The long vowel floated over them.
* * *
THERE WERE GOOD THINGS. Delphine ran the shop with an almost joyous dispatch. She hadn’t known she’d like the work so much now that she was partly in charge. She didn’t mind the hard grind of cleaning, and she had the boys to sweep up and spread new sawdust, to scrub down the display cases and the floors, and Franz to wait trade when things were busy, after school. She began to take an almost embarrassing delight in selling things — a loop of the best liverwurst on this side of the Atlantic, or a piece of the Colby you couldn’t get just anywhere, or dried herring from a case recently cracked open, exuding brine and smoke. Eva had given Delphine the magical belief that everything that Fidelis made was unbested and every morsel the shop sold was of a superior quality only their own customers deserved.

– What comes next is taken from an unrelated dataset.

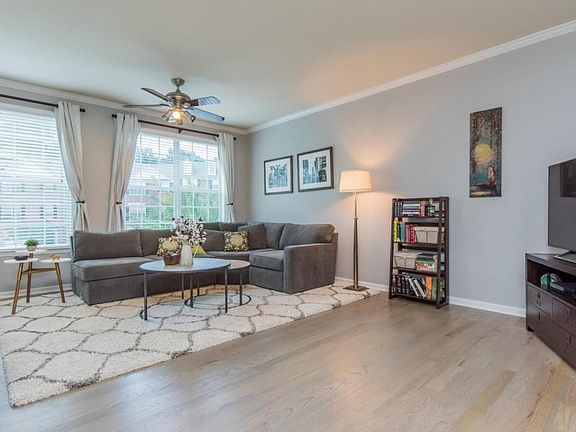Stunning 3 level townhome +2 car garage ITP! Located near Costco, Suntrust Park, 75, shops, dining, night life, +nature! Features: beautiful red oak hardwoods, 9' ceilings, gorgeous kitchen, gas fireplace, updates! Upper level includes spacious master bdrm w/recently upgraded master bath w/walk-in shower, huge walk-in closet. Two more bdrms, full bath & laundry room round out top level.View of Chattahoochee Nat'l Forest Downstairs there is a rec room and large, tiled storage rom stubbed for a bath. This home has the largest deck in the neighborhood! Swim + Fitness!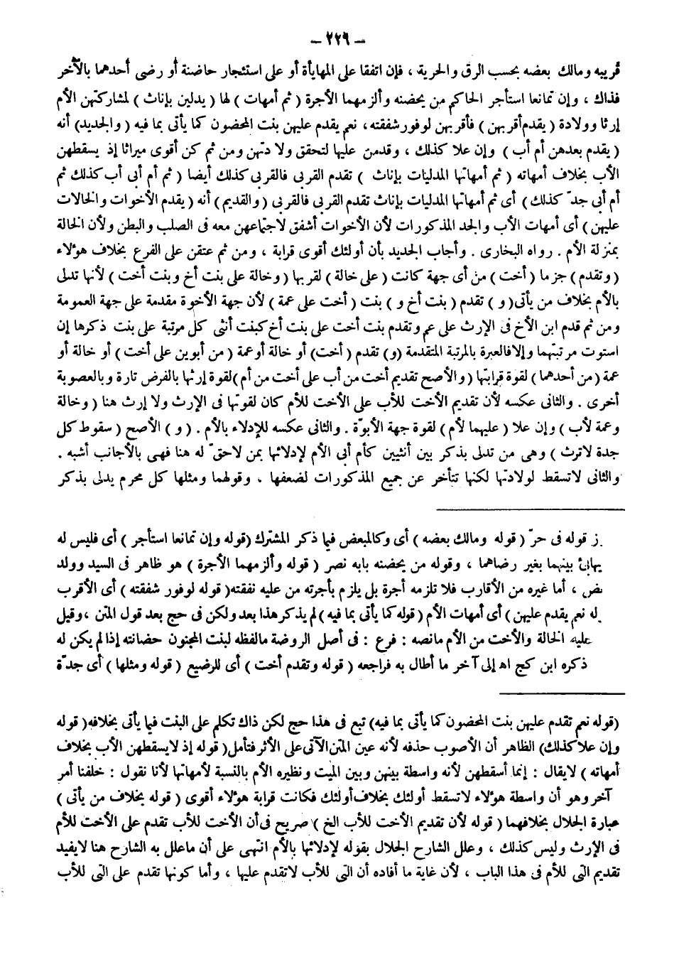 ـــــــــــــــــــــــــــــQقَوْلُهُ: نَعَمْ تُقَدَّمُ عَلَيْهِنَّ بِنْتُ الْمَحْضُونِ كَمَا يَأْتِي بِمَا فِيهِ) تَبِعَ فِي هَذَا حَجّ لَكِنَّ ذَاكَ تَكَلَّمَ عَلَى الْبِنْتِ فِيمَا يَأْتِي بِخِلَافِهِ (قَوْلُهُ: وَإِنْ عَلَا كَذَلِكَ) الظَّاهِرُ أَنَّ الْأَصْوَبَ حَذْفُهُ لِأَنَّهُ عَيْنُ الْمَتْنِ الْآتِي عَلَى الْأَثَرِ فَتَأَمَّلْ (قَوْلُهُ: إذْ لَا يُسْقِطُهُنَّ الْأَبُ بِخِلَافِ أُمَّهَاتِهِ) لَا يُقَالُ: إنَّمَا أَسْقَطَهُنَّ لِأَنَّهُ وَاسِطَةٌ بَيْنَهُنَّ وَبَيْنَ الْمَيِّتِ وَنَظِيرُهُ الْأُمُّ بِالنِّسْبَةِ لِأُمَّهَاتِهَا لِأَنَّا نَقُولُ: خَلَفَنَا أَمْرٌ آخَرُ وَهُوَ أَنَّ وَاسِطَةَ هَؤُلَاءِ لَا تُسْقِطُ أُولَئِكَ بِخِلَافِ أُولَئِكَ فَكَانَتْ قَرَابَةُ هَؤُلَاءِ أَقْوَى (قَوْلُهُ: بِخِلَافِ مَنْ يَأْتِي) عِبَارَةُ الْجَلَالِ بِخِلَافِهِمَا (قَوْلُهُ: لِأَنَّ تَقْدِيمَ الْأُخْتِ لِلْأَبِ إلَخْ.) صَرِيحٌ فِي أَنَّ الْأُخْتَ لِلْأَبِ تُقَدَّمُ عَلَى الْأُخْتِ لِلْأُمِّ فِي الْإِرْثِ وَلَيْسَ كَذَلِكَ، وَعَلَّلَ الشَّارِحُ الْجَلَالُ بِقَوْلِهِ لِإِدْلَائِهَا بِالْأُمِّ انْتَهَى عَلَى أَنَّ مَا عَلَّلَ بِهِ الشَّارِحُ هُنَا لَا يُفِيدُ قَدِيمَ الَّتِي لِلْأُمِّ فِي هَذَا الْبَابِ، لِأَنَّ غَايَةَ مَا أَفَادَهُ أَنَّ الَّتِي لِلْأَبِ لَا تُقَدَّمُ عَلَيْهَا، وَأَمَّا كَوْنُهَا تُقَدَّمُ عَلَى الَّتِي لِلْأَبِ

This conviction was good for business, and Delphine had, as well, a shrewd eye for what would sell and when to knock down a price. She instituted a weekly drawing for one dollar worth of groceries, and that drew in customers. Except for the banker and the few other rich, who lived in green-lawned flamboyantly painted mansions on a bluff over which their unpredictable river had never yet risen, everyone was broke half the time. Many were worse off — so ravaged and destitute that they couldn’t afford any meat at all. Delphine was good at extracting money from the wealthy, and also good at trading carefully with the poor. She stocked barrels of dried beans, peas, made shrewd deals with farms and traded like a horse dealer for the items she was certain that she could sell. She began to deal with an ambitious wholesaler working out of the Cities, and stocked all sorts of new items that made people curious enough to stop in for a peek. Soaps she tried herself and could recommend, powdered health remedies, boxes of steel-cut oats, cider vinegar, walnut oil, pots of mustard. She had a dairy case set into the wall — before, they’d drawn milk from a can back in the cooler. Now she stocked cream, daily milk, butters of three grades, and fresh eggs from Roy’s chickens.

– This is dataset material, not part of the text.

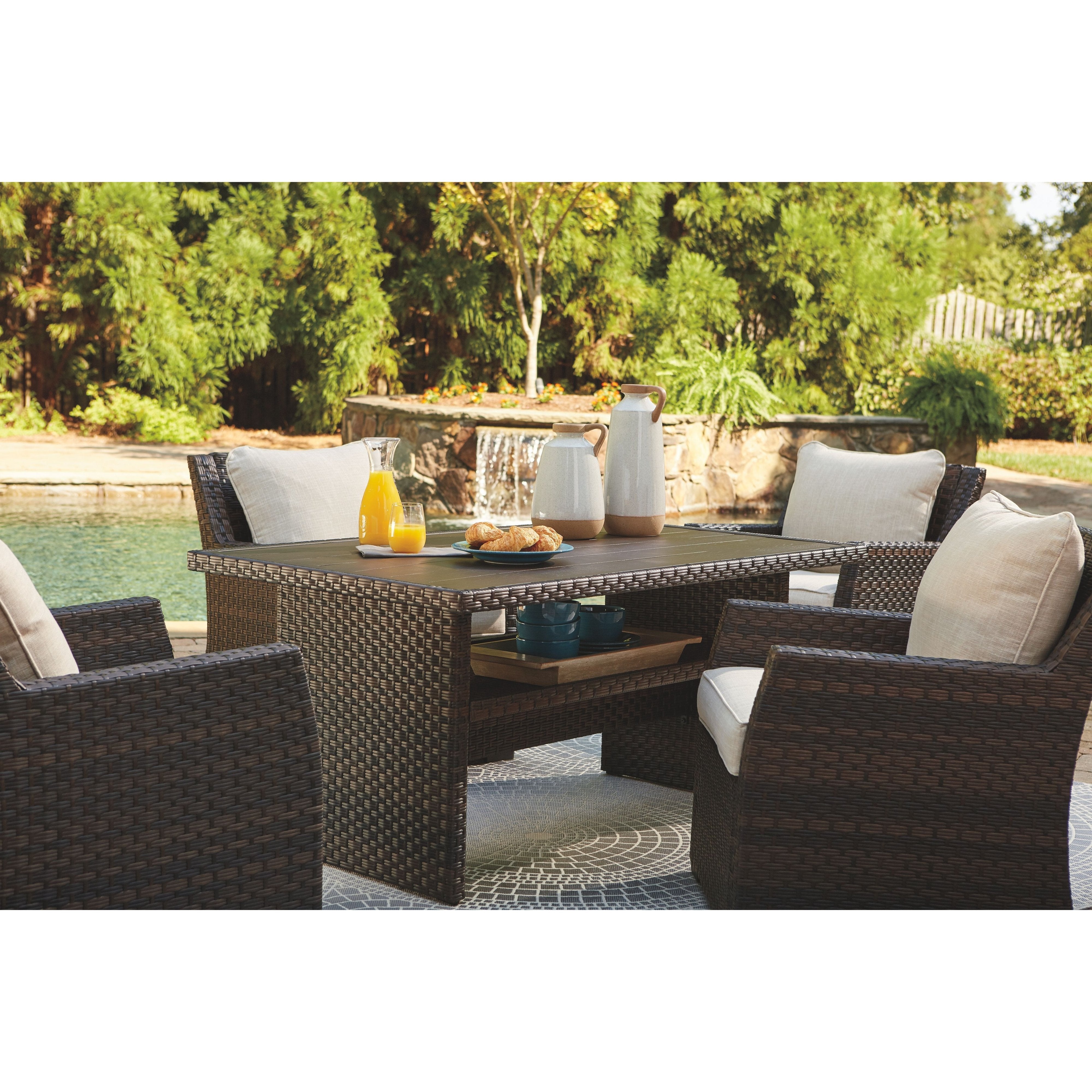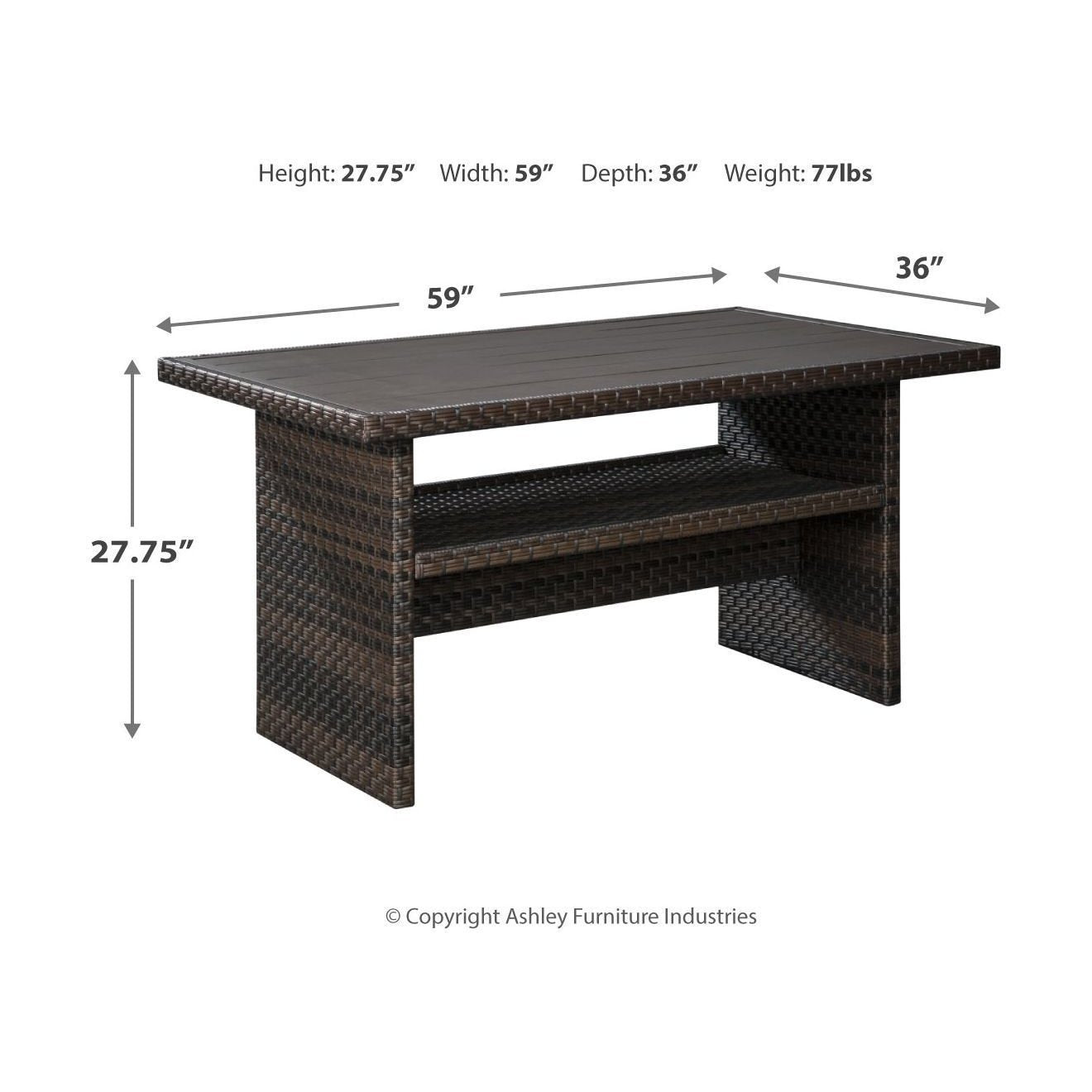 Al fresco living is easy to love with this multi-use table. Its raised height makes it perfect for everything from mealtime, game time, a round of cards or a round of drinks. Resin wicker over a rust-free aluminum frame lends an upscale aesthetic that’s downright durable. Aluminum top is conveniently water and stain resistant.

Roy was still not drinking. Perversely, this had begun to concern Delphine. Still, how could she quibble with the quiet work he did all around the house? He kept busy, even drove up north with Cyprian from time to time, and didn’t snitch from the stash they smuggled across the border and then sold. Sometimes Roy lied to her with a clear and listening expression — told the same sort of stories he’d once told Eva. How once he’d had a part in an Italian opera, or killed a bear, that he had learned to weave from a Navajo and could recite long prayers in Hebrew. Delphine thought she didn’t know him. Who was he, sober, anyway? Her father was a stranger, a man of whom she had no knowledge and did not know exactly how to approach. It used to be so easy. Their relationship consisted of times he’d crawl to her and beg for money, and she’d refuse. At least he still socialized with the other men in the singing club. Roy came to the shop after hours to sit around the table with the men and slice rounds of Fidelis’s sausage onto square crackers. Cyprian came too. They drove Delphine home after she finished in the kitchen. It was a routine, she later thought, she didn’t treasure enough. An even life, without any jumps or starts. No stalls either. It was the kind of life you didn’t know at the time you were living it was a happy life.